5 Hikmah dari Pernikahan - Lewat lisan Nabi Muhammad kita dapati sabdanya: “Nikah itu sunnahku, siapa yang tidak suka sunnahku dia bukan dari golonganku.” (HR. Abu Ya`la)
Dari Imam Ahmad bin Hanbal, kita peroleh kisah yang membawa semangat
untuk menikah. Dua hari lepas kemangkatan sang istri, beliau
melangsungkan pernikahan yang berikutnya. Oleh orang-orang di sekitarnya
beliau ditanya tentang hal tersebut. Dengan tenang beliau memberikan
jawaban sederhana, “Aku tidak ingin dikatakan duda tanpa istri karena
hal itu berarti telah meninggalkan sunnah Rasulullah Shallallahu ‘Alaihi
Wassallam.”
Secara sederhana, setidaknya ada 5 (lima) hikmah di balik perintah menikah dalam Islam.

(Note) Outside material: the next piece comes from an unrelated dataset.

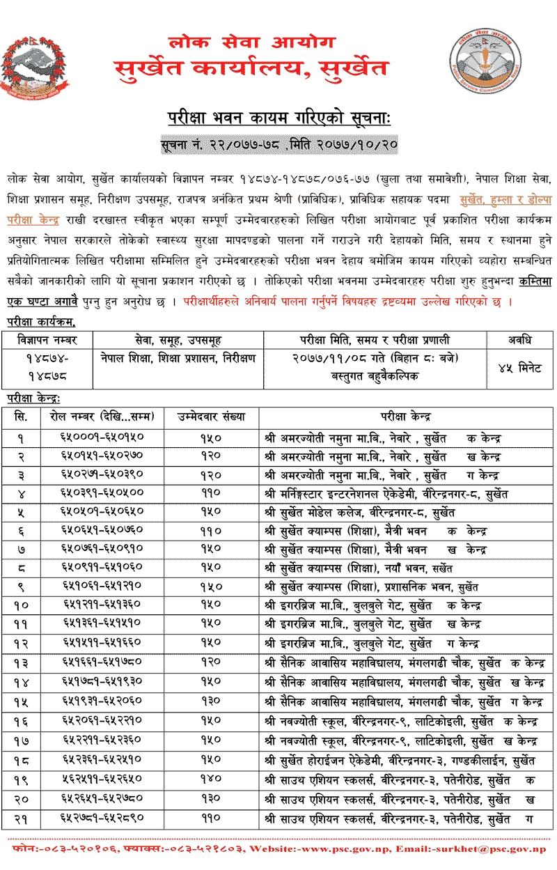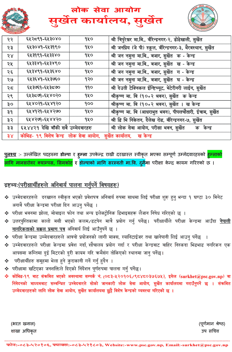 =>View Surkhet, Dhankuta Exam center Prabidhik Sahayak Pra Sa

Pertama, sebagai wadah birahi manusia yang halal
Allah ciptakan manusia dengan menyisipkan hawa nafsu dalam dirinya. Ada
kalanya nafsu bereaksi positif dan ada kalanya negatif. Manusia yang
tidak bisa mengendalikan nafsu birahi dan menempatakannya sesuai wadah
yang telah ditentukan, akan sangat mudah terjebak pada ajang baku
syahwat terlarang. Pintu pernikahan adalah sarana yang tepat nan jitu
dalam mewadahi aspirasi nulari normal seorang anak keturunan Adam.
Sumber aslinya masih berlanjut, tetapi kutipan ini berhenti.